SravyaMadupu commented 4 years ago

The model is running fine for 55 epochs and but at the 55th epoch when it is to be saved it is throwing an error as below. Any idea about this error?

epoch 54 total loss 0.2056220420028012 0.00021576289821909886 aida-A micro F1: 0.9303830497860348 aida-B micro F1: 0.9400222965440357 msnbc micro F1: 0.9426166794185157 aquaint micro F1: 0.8755244755244754 ace2004 micro F1: 0.8933601609657947 clueweb micro F1: 0.742094861660079 wikipedia micro F1: 0.7821906663708305 change learning rate to 0.0001 att_mat_diag tok_score_mat_diag entity2entity_mat_diag entity2entity_score_mat_diag knowledge2entity_mat_diag knowledge2entity_score_mat_diag type_emb cnn.weight cnn.bias score_combine.0.weight score_combine.0.bias score_combine.3.weight score_combine.3.bias save model to model Traceback (most recent call last): File "main.py", line 226, in ranker.train(conll.train, dev_datasets, config) File "/content/drive/My Drive/data.tar.gz (Unzipped Files)/DCA/ed_ranker.py", line 1032, in train self.model.save(self.args.model_path) File "/content/drive/My Drive/data.tar.gz (Unzipped Files)/DCA/abstract_word_entity.py", line 78, in save json.dump(config, f) File "/usr/lib/python3.6/json/init.py", line 179, in dump for chunk in iterable: File "/usr/lib/python3.6/json/encoder.py", line 430, in _iterencode yield from _iterencode_dict(o, _current_indent_level) File "/usr/lib/python3.6/json/encoder.py", line 404, in _iterencode_dict yield from chunks File "/usr/lib/python3.6/json/encoder.py", line 437, in _iterencode o = _default(o) File "/usr/lib/python3.6/json/encoder.py", line 180, in default o.class.name) TypeError: Object of type 'set' is not JSON serializable

YoungXiyuan commented 4 years ago

This is the first time that I have encountered this kind of problem which is never be reported by other users.

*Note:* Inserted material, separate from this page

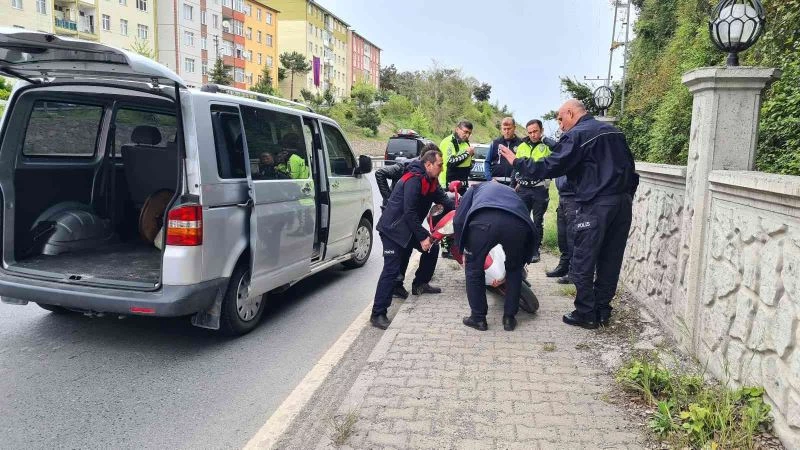 Zonguldak’ın Alaplı ilçesinde kaldırımda motosikletiyle ilerleyen sürücü kaza yaptı. Kazada yaralanan sürücü ambulansla hastaneye kaldırıldı.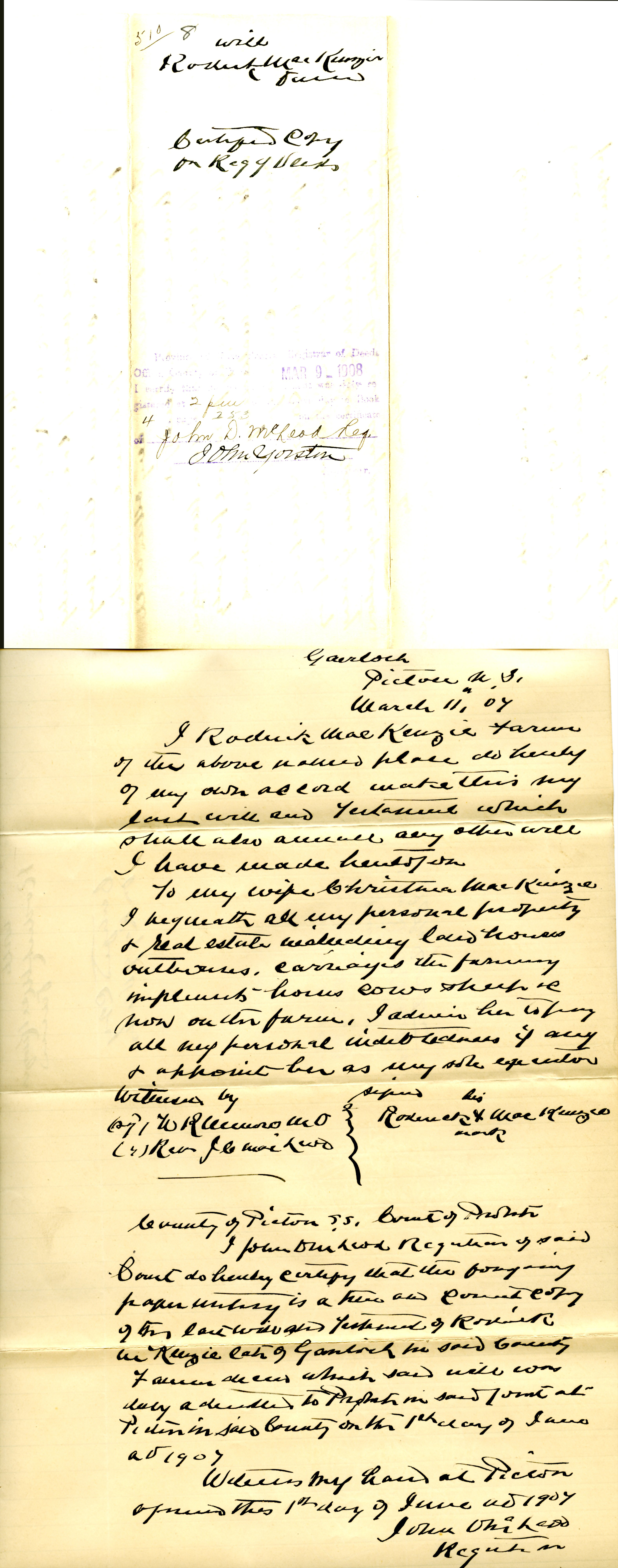 I John D. McLeod Registrar of said Court do hereby certify that the foregoing paper writing is a true copy of the last Will and Testament of Roderick MacKenzie late of Gairloch in the County of Pictou Farmer deceased which said will was duly admitted to Probate in said Court at Pictou on the 1st. day of June AD 1907.

Did that error occur when saving the model for the first time? Maybe it occured due to the unstable platform environment.

According to the error log "File '/content/drive/My Drive/data.tar.gz (Unzipped Files)/DCA/abstract_word_entity.py', line 78, in save json.dump(config, f)", I guess that maybe you need to place the DCA project in a normal directory instead of a .tar.gz file, give it a try. (-:

SravyaMadupu commented 4 years ago

It is just a file name. It is a normal directory. I unzipped the folder to google drive and the name was auto-generated. It is a normal directory. :-| Maybe the error is because of the changes I made then.

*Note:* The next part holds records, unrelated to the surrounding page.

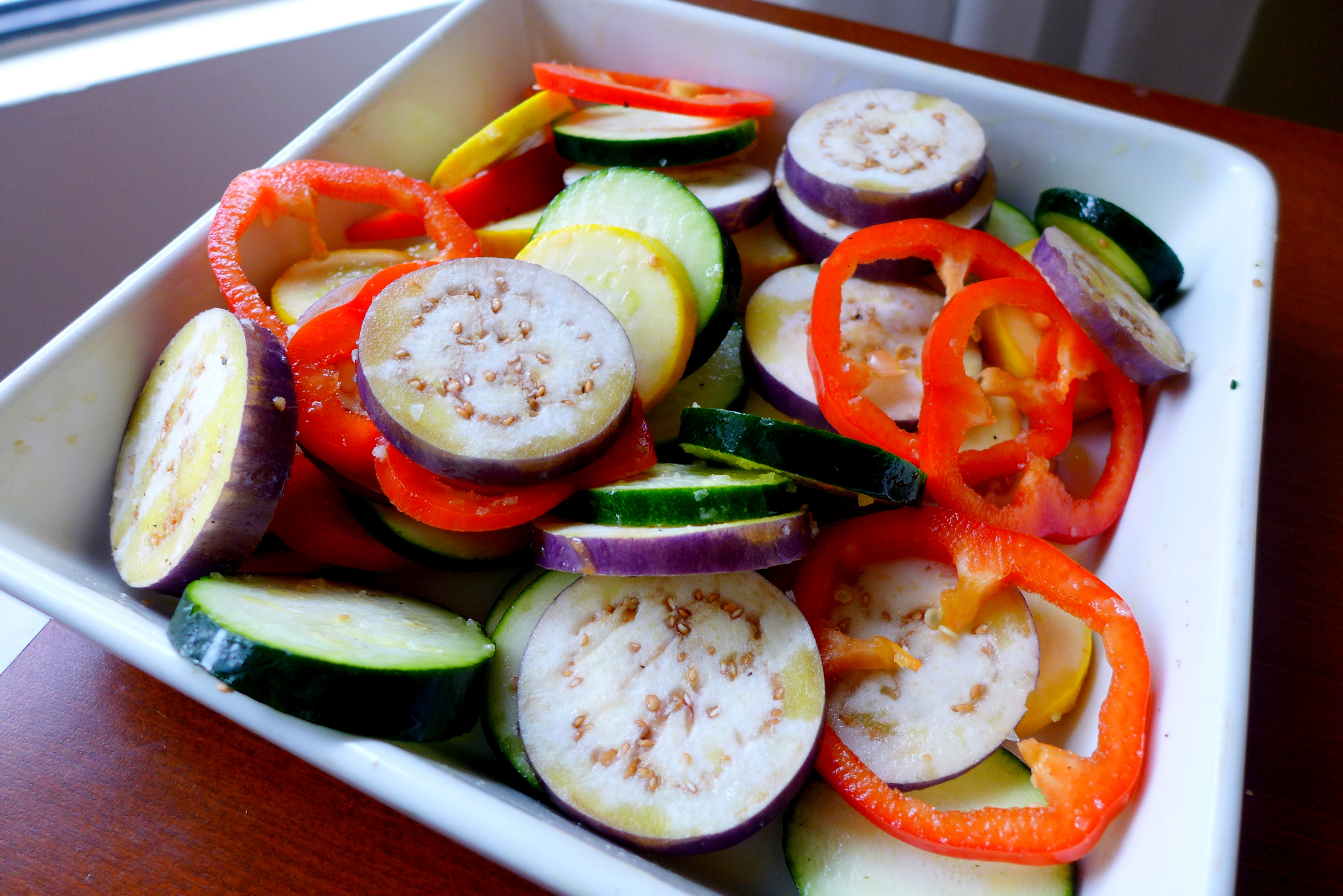 Cut all the vegetables into equal sizes (thin rounds). Marinate the Yellow squash, zucchini, eggplant and red capsicum in some olive oil, salt and pepper for at least 10 minutes.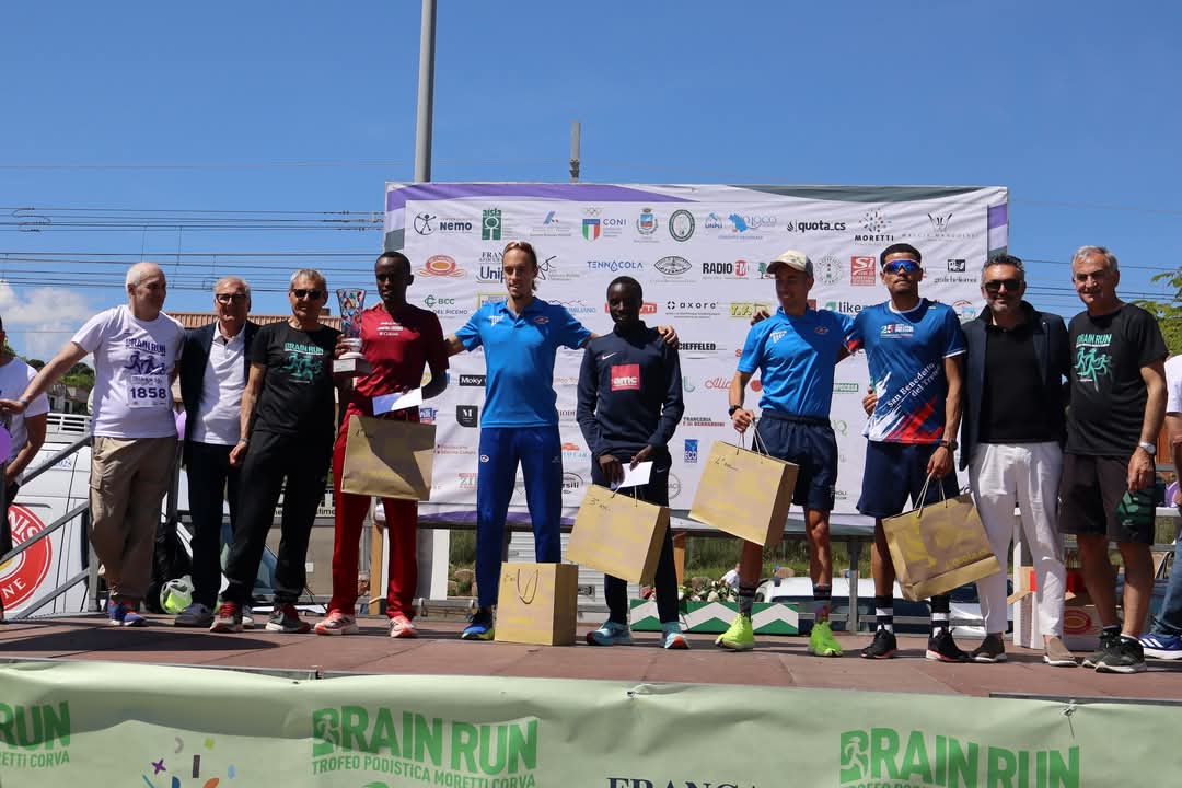 25 Maggio 2025Successi africani sulle strade di Porto Sant’Elpidio. La quarta edizione del Trofeo Podistica Moretti Corva rilancia la tradizione internazionale di una gara prestigiosa, ma è anche un evento che va oltre lo sport: la “Brain Run” per sostenere il progetto di ricerca contro la sclerosi laterale amiotrofica, fortemente voluto da Fausto Chioini. Al via oltre 300 podisti, con un totale di circa mille partecipanti e la vittoria del burundese Jean Marie Vianney Niyomukiza, portacolori della Libertas Unicusano Livorno, con il tempo di 30’10” sui 10 chilometri. Per il secondo posto c’è l’ascolano Stefano Massimi (Atl. Vomano) in 30’56” e un altro mezzofondista del Burundi si piazza terzo, Leonce Bukuru (Atl. Castello, 31’02”), mentre chiudono ai piedi del podio due abruzzesi: Lorenzo Dell’Orefice (Atl. Vomano), quarto con 31’13”, e Douglas Scarlato (Us Aterno Pescara, 32’29”). Tra gli atleti delle società marchigiane, ottavo Alessio Monti (Sef Stamura Ancona) in 33’28”. Nella gara femminile si impone la keniana Abigael Chelangat (Libertas Unicusano Livorno), compagna di club del vincitore maschile: 34’42” il tempo finale. Conquista il secondo posto la junior Valeria Carnevali (Sef Stamura Ancona) in 38’00” davanti a Greta Negro (Futuratletica Piemonte, 38’17”), quarta Marica Melatini (Atl. Avis Macerata, 38’50”) che precede Nausicaa Malaccari (Atl. Civitanova, 39’15”). Presenti tra gli altri il sindaco di Porto Sant’Elpidio, Massimiliano Ciarpella, e l’assessore comunale allo sport Enzo Farina, la dottoressa Michela Coccia del centro di ricerca Nemo di Ancona, il presidente FIDAL Marche, Fabio Romagnoli, e il celebre ex portiere della Nazionale, Stefano Tacconi.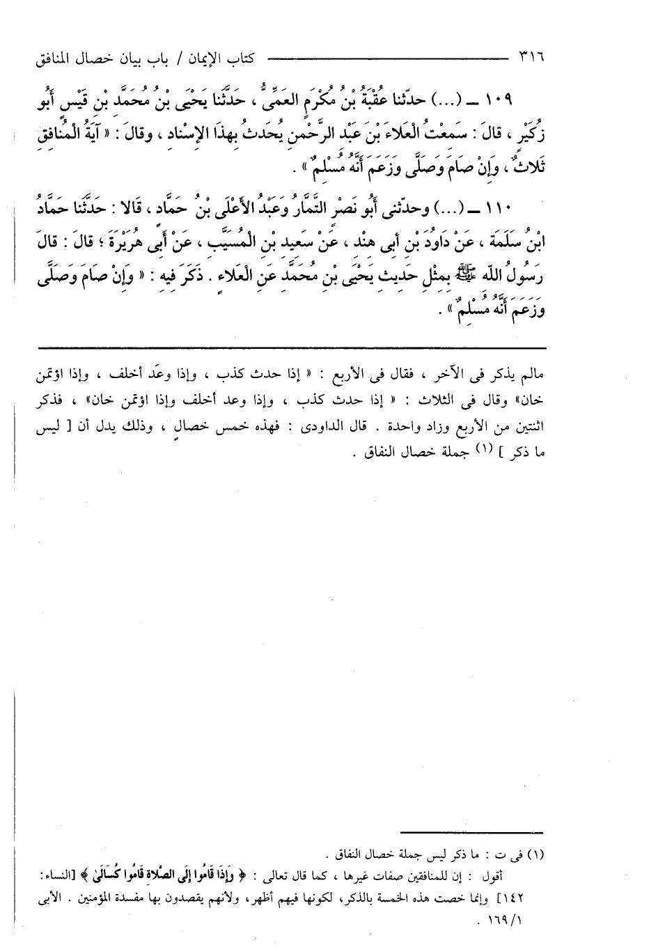 109 - (...) حدّثنا عُقْبَةُ بْنُ مُكْرَمٍ العَمِّىُّ، حَدَّثَنَا يَحْيَى بْنُ مُحَمَّدِ بْنِ قَيْسٍ أَبُو زُكيْرٍ، قالَ: سَمِعْتُ الْعَلاءَ بْنَ عَبْدِ الرَّحْمنِ يُحَدثُ بِهذَا الإِسْنادِ، وقالَ. " آيَةُ الْمُنافِقِ ثَلاثٌ، وَإِنْ صَامَ وَصَلَّى وَزَعَمَ أَنَّهُ مُسْلِمٌ ".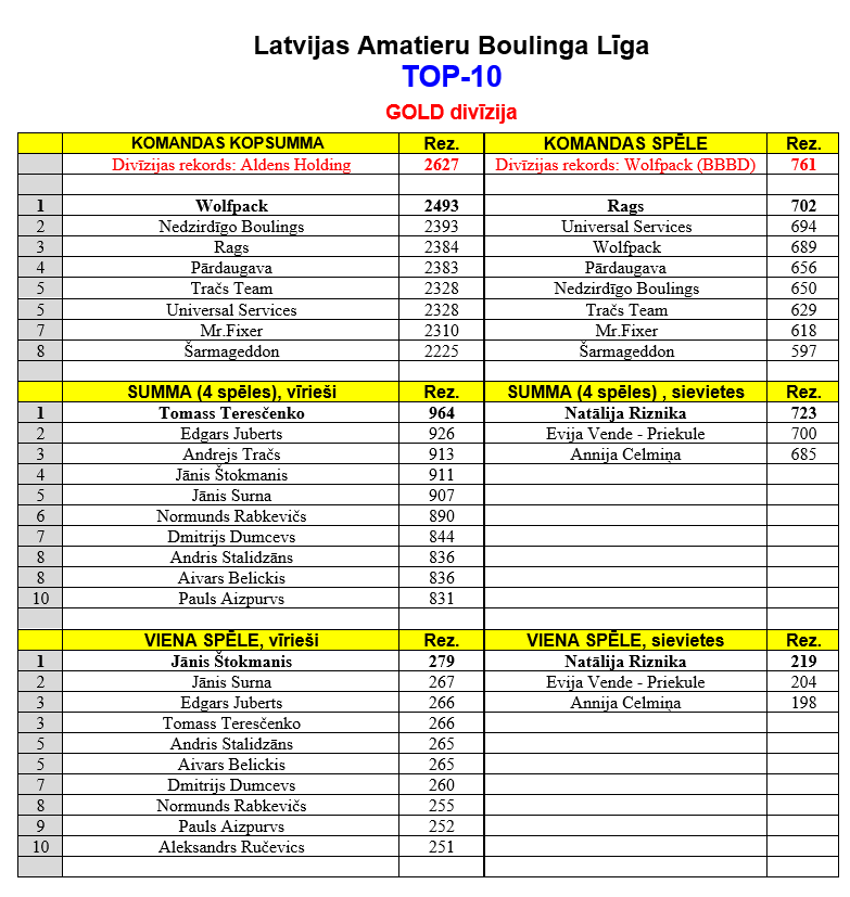 1) Ten Pin – 2596 (10.ABL 1.kārta).

I have made some changes to the code to run it on CPU. Using GPU each epoch is taking a lot of time. Strangely on CPU epoch is able to run in 4 mins and on GPU each epoch is taking more than 45 minutes. Is the behavior normal?

YoungXiyuan commented 4 years ago

I apologize for that I have never encountered that strange problem before.

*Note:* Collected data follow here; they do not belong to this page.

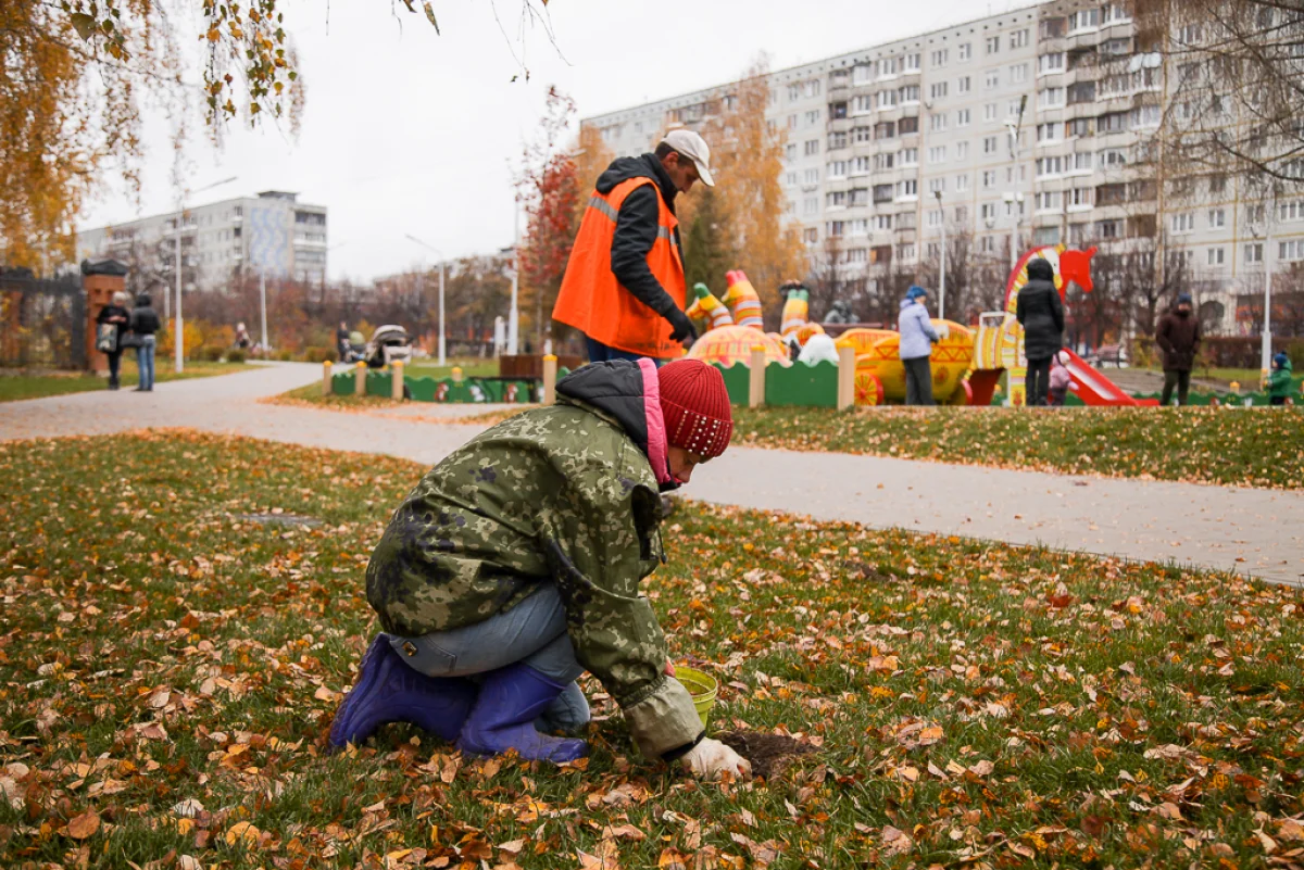 Луковицы сажали в хаотичном порядке, что позволит создать естественный природный ландшафт при прорастании.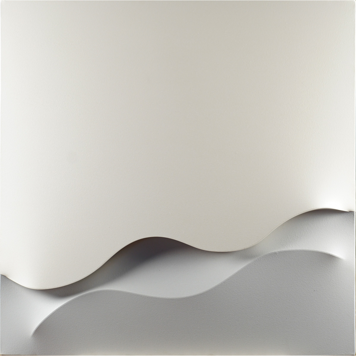 " ICSEI - Bianco", acrilico su tela estroflessa, firmato e titolato sul retro, autentica dell'artista su fotografia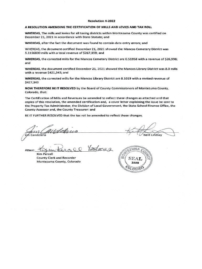 Resolution 42022 A RESOLUTION AMENDING THE CERTIFICATION OF MILLS AND LEVIES AND TAX ROLL WHEREAS, The mills and levies for all taxing districts within Montezuma County was certified on December 21,
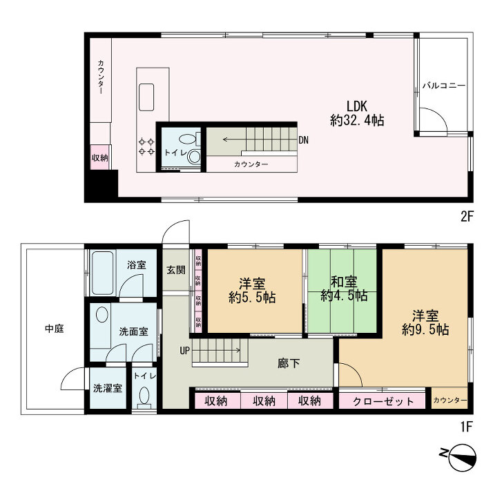洋室 9帖 x 1室、洋室 5.5帖 x 1室、和室 4.5帖 x 1室、LDK 32.4帖 x 1室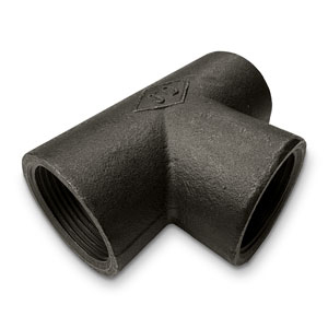 An Intrinsic® mild steel female BSPT threaded equal tee pipe fitting in self colour (black) finish to EN10241.

First, I would like to check which training method you choose? Supervised Learning or Reinforcement learning?

Second, is it convenient for you to provide some hardware information about your platform? We trained our framework on the one GeForce GTX 1080 card with 8GB memory and two Intel(R) Xeon(R) CPUs (E5-2683 v3@2.00GHz), with sufficient memory size (about 384 GB) and SSD storage (about 3.1 TB).

I have the impression that the DCA framework should run faster on GPU than CPU, and under the Supervised Learning settting, each epoch costs significantly less than 45 minutes on GPU while costs much more than 4 mins on CPU.

Maybe you could keep the reivsed code running and then check whether the final results are normal or not.

SravyaMadupu commented 4 years ago

I am trying to run supervised learning with using the arguments: --mode train --order offset --model_path model --method SL

I am running the code in google colab: The configuration is RAM: 12 GB Disk space is: 64 GB.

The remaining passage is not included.